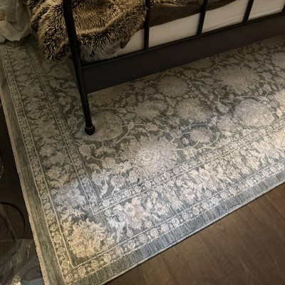Refresh your space with the refined charm of this vintage-style sage rug from the Outlines collection. The classic Persian floral pattern and coordinating border, finished with short fringe at both ends, creates a distinguished look for any room. This traditional rug is made from 100% polyester with an incredibly soft texture and easy-clean construction perfect for busy households with pets and kids.
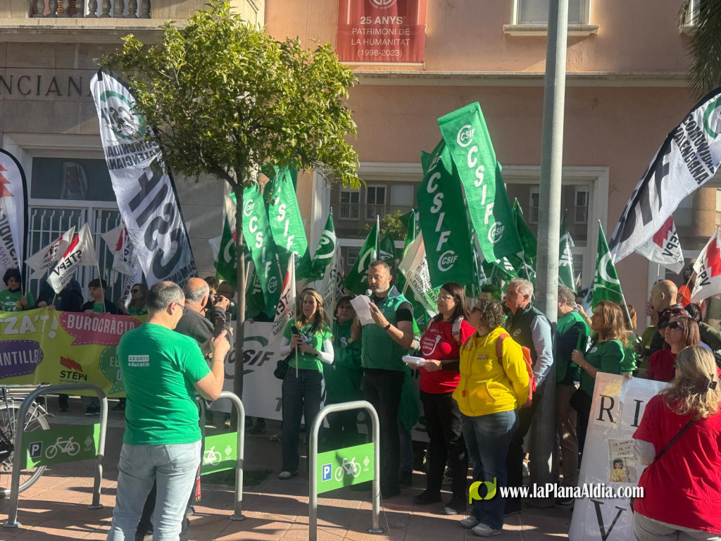Representantes de CSIF, STEPV, ANPE, CCOO y UGT se movilizaron en Castellón este martes, 31 de marzo de 2026, para exigir la apertura inmediata de una negociación real con la Conselleria de Educación, dentro del calendario de protestas impulsado en la Comunitat Valenciana.
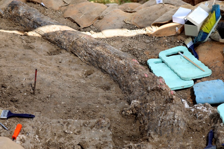 Photo taken on Aug. 31, 2022 shows a 500,000-year-old elephant tusk near the southern Israeli city of Gedera. (Photo by Gil Cohen Magen/Xinhua)
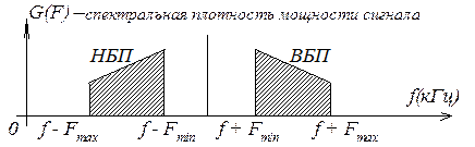 следовательно, сигнал с амплитудной модуляцией энергетически невыгоден. Кроме того, ширина его спектра DF в два раза больше ширины спектра модулирующего сигнала и определяется как DF = 2Fmax (14) где Fmax – максимальная частота модулирующего сигнала. Например, при модуляции стандартным телефонным сигналом (рис. 6).
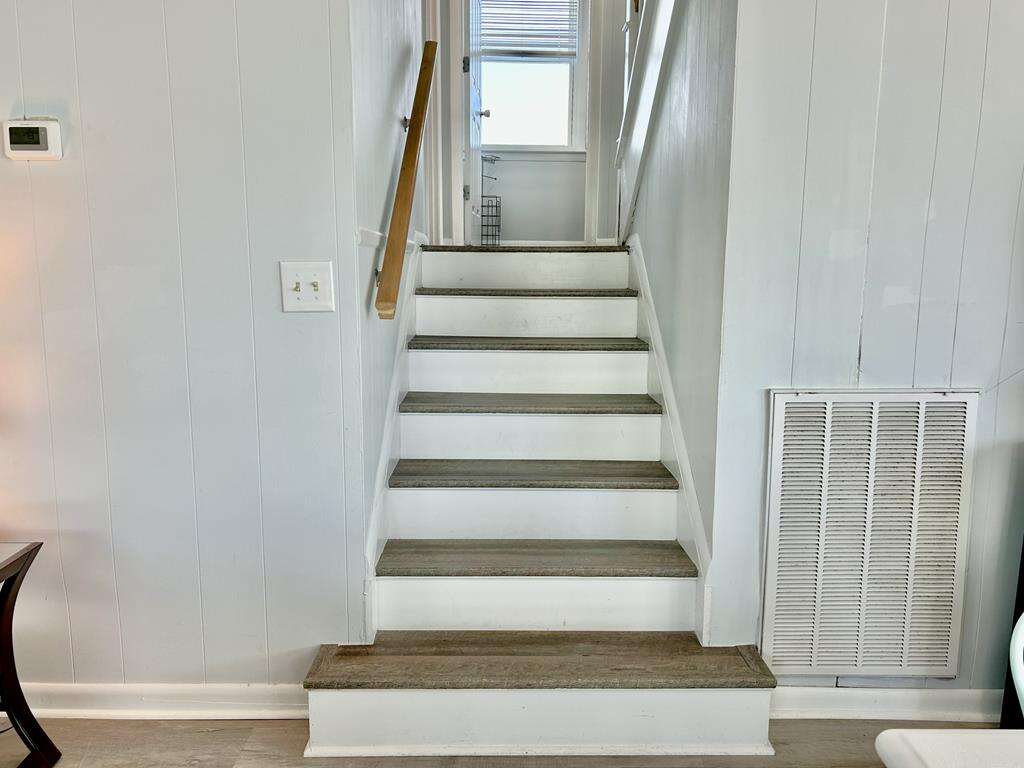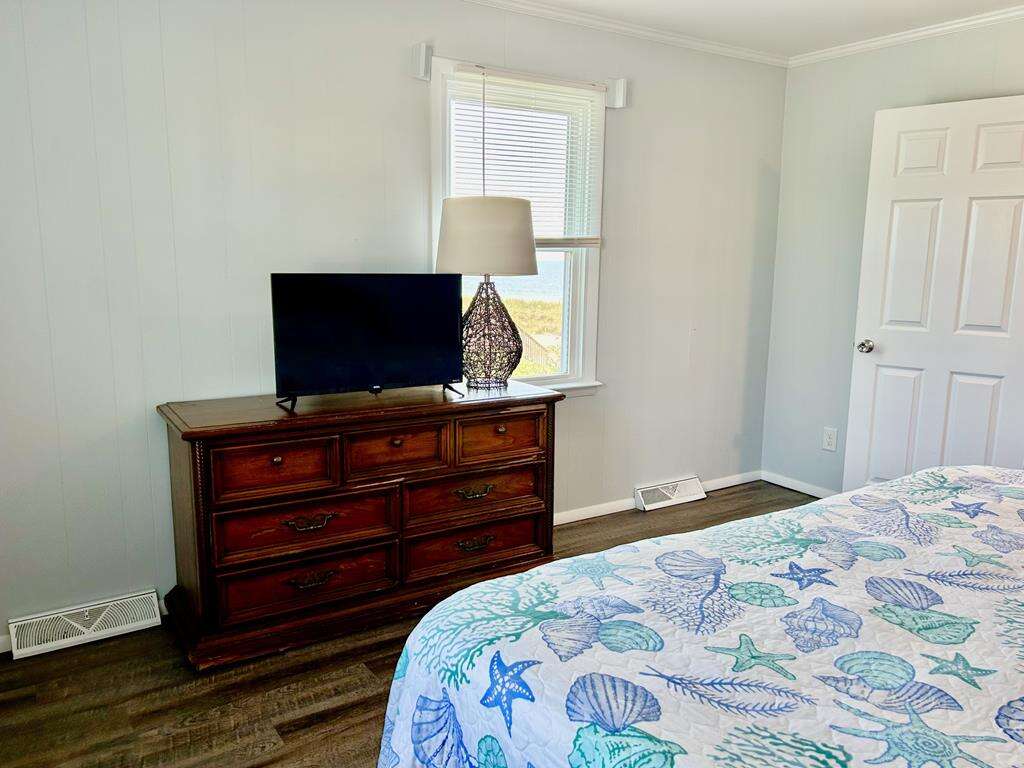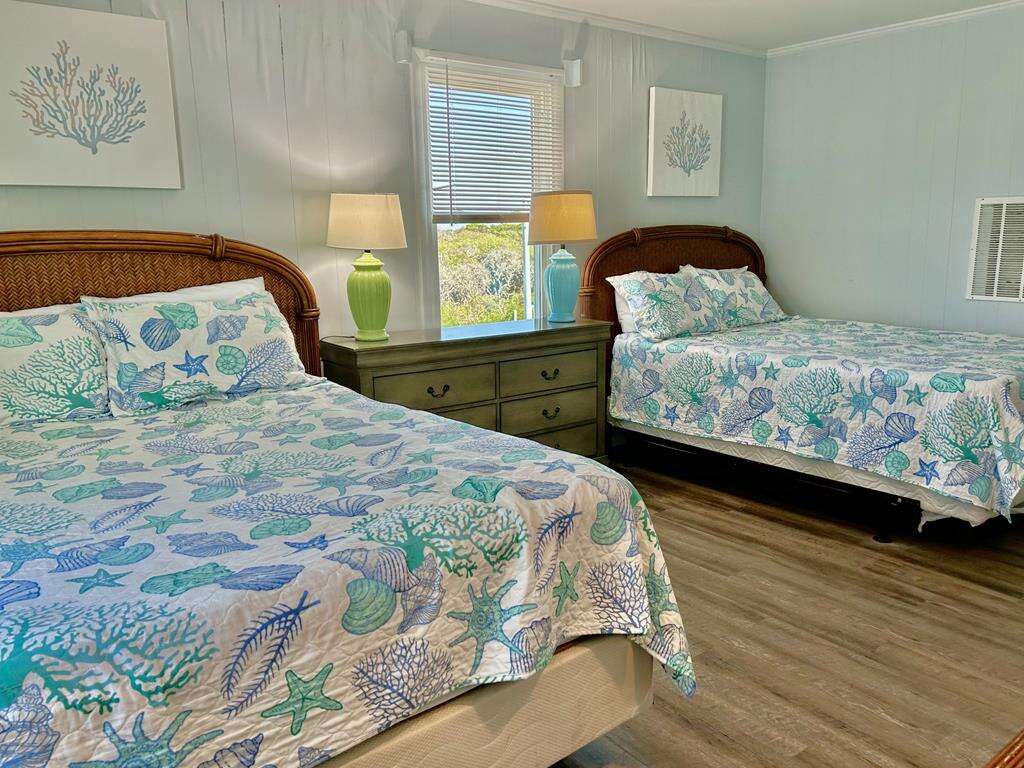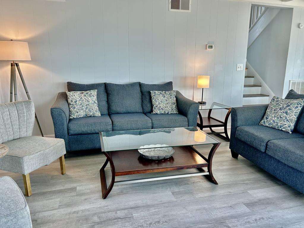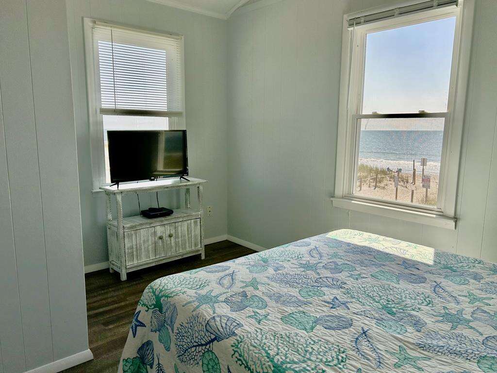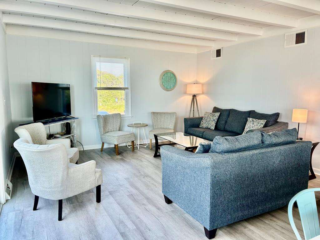 This charming, uniquely designed home offers you and your loved ones the perfect beach oasis. Enjoy a lovey, updated oceanfront home with the modern amenities and touches you desire, but still keeping the feel of classic beach cottage character with an angled beam ceiling on the lower level. Luxury plank flooring throughout, plus a beautiful open-concept living, dining and kitchen on the lower level, makes for comfort and ease on your beach retreat as you enjoy gorgeous ocean views. The kitchen is thoughtfully designed for making culinary creations a breeze, with a large island for extra cooking prep space, as well as breakfast bar seating. Everyone can be in on the fun! Travel up to the middle level where 2 bedrooms share a full guest bath in the hallway. Then, up on the top level the remaining 2 bedrooms share a Jack-n-Jill bath. This home is ideal for families, couples or a group of friends! Just outside, you can lounge on the oceanfront sun deck soaking in warm, salty ocean breezes and listen to the lullaby if the waves roll onto shore. Just steps away from the deck, spend the day on the shore building sandcastles and enjoying long walks on the beach at sunrise and sunset. Nearby, experience the sights and sounds of the Intracoastal Waterway, as well as Blue Water Point Marina, and enjoy casual seafood dining on the water at Lonerider Restaurant. Travel down to The Point for spectacular sunset views over the inlet. You might even catch a glimpse of a pod of dolphins as they swim by or pelicans flying in formation overhead.
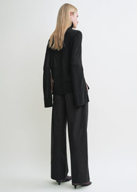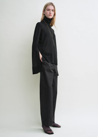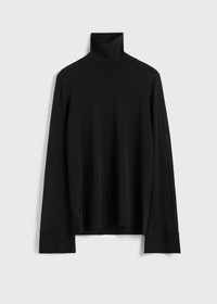 A foundational piece from the Summer 25 runway, this TOTEME turtleneck sweater is designed with high cuff slits for dramatic effect. It is finely knitted from Lyocell with a hint of cashmere – a breathable blend inspired by crisp Scandinavian summer nights. Team it with high leather gloves or a delicate bracelet. Details & Fit - Black - High cuff slits - Hem slits - Light, semi-sheer knit - 90% lyocell, 10% cashmere - Cool hand wash - Style number 253-WRT0535-YA0079 - The model is 178cm/510 tall and wears a size S - True to size, regular fit
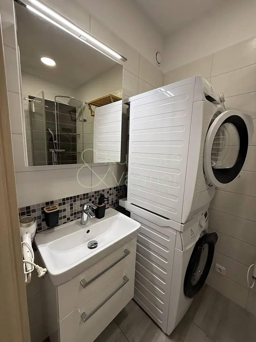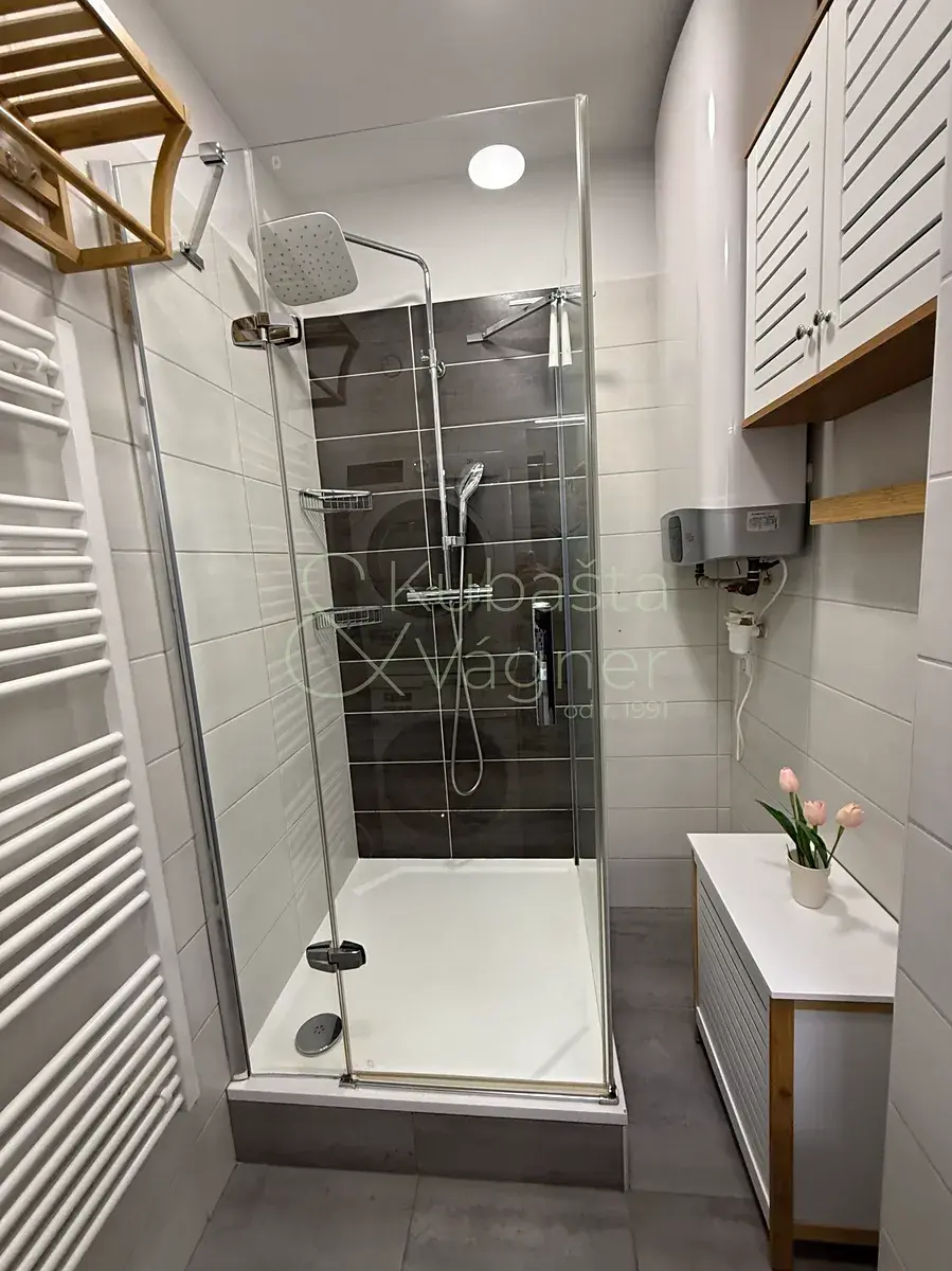 K dispozici jsou také dvě samostatné ložnice, částečně vybaveny a zařízeny. V chodbě pak máme samostatnou toaletu a koupelnu, vybavenou sprchovým koutem, zrcadlem a koupelnovou stěnou, pračkou a sušičkou, topným žebříkem a elektrickým ohřívačem vody.

Directions for this task >> Whenever a picture appears, leave it out, and return every record exactly.

Reply >>
Refresh your space with the refined charm of this vintage-style sage rug from the Outlines collection. The classic Persian floral pattern and coordinating border, finished with short fringe at both ends, creates a distinguished look for any room. This traditional rug is made from 100% polyester with an incredibly soft texture and easy-clean construction perfect for busy households with pets and kids.
Representantes de CSIF, STEPV, ANPE, CCOO y UGT se movilizaron en Castellón este martes, 31 de marzo de 2026, para exigir la apertura inmediata de una negociación real con la Conselleria de Educación, dentro del calendario de protestas impulsado en la Comunitat Valenciana.
 Photo taken on Aug. 31, 2022 shows a 500,000-year-old elephant tusk near the southern Israeli city of Gedera. (Photo by Gil Cohen Magen/Xinhua)
 следовательно, сигнал с амплитудной модуляцией энергетически невыгоден. Кроме того, ширина его спектра DF в два раза больше ширины спектра модулирующего сигнала и определяется как DF = 2Fmax (14) где Fmax – максимальная частота модулирующего сигнала. Например, при модуляции стандартным телефонным сигналом (рис. 6).
 This charming, uniquely designed home offers you and your loved ones the perfect beach oasis. Enjoy a lovey, updated oceanfront home with the modern amenities and touches you desire, but still keeping the feel of classic beach cottage character with an angled beam ceiling on the lower level. Luxury plank flooring throughout, plus a beautiful open-concept living, dining and kitchen on the lower level, makes for comfort and ease on your beach retreat as you enjoy gorgeous ocean views. The kitchen is thoughtfully designed for making culinary creations a breeze, with a large island for extra cooking prep space, as well as breakfast bar seating. Everyone can be in on the fun! Travel up to the middle level where 2 bedrooms share a full guest bath in the hallway. Then, up on the top level the remaining 2 bedrooms share a Jack-n-Jill bath. This home is ideal for families, couples or a group of friends! Just outside, you can lounge on the oceanfront sun deck soaking in warm, salty ocean breezes and listen to the lullaby if the waves roll onto shore. Just steps away from the deck, spend the day on the shore building sandcastles and enjoying long walks on the beach at sunrise and sunset. Nearby, experience the sights and sounds of the Intracoastal Waterway, as well as Blue Water Point Marina, and enjoy casual seafood dining on the water at Lonerider Restaurant. Travel down to The Point for spectacular sunset views over the inlet. You might even catch a glimpse of a pod of dolphins as they swim by or pelicans flying in formation overhead.
 A foundational piece from the Summer 25 runway, this TOTEME turtleneck sweater is designed with high cuff slits for dramatic effect. It is finely knitted from Lyocell with a hint of cashmere – a breathable blend inspired by crisp Scandinavian summer nights. Team it with high leather gloves or a delicate bracelet. Details & Fit - Black - High cuff slits - Hem slits - Light, semi-sheer knit - 90% lyocell, 10% cashmere - Cool hand wash - Style number 253-WRT0535-YA0079 - The model is 178cm/510 tall and wears a size S - True to size, regular fit
 K dispozici jsou také dvě samostatné ložnice, částečně vybaveny a zařízeny. V chodbě pak máme samostatnou toaletu a koupelnu, vybavenou sprchovým koutem, zrcadlem a koupelnovou stěnou, pračkou a sušičkou, topným žebříkem a elektrickým ohřívačem vody.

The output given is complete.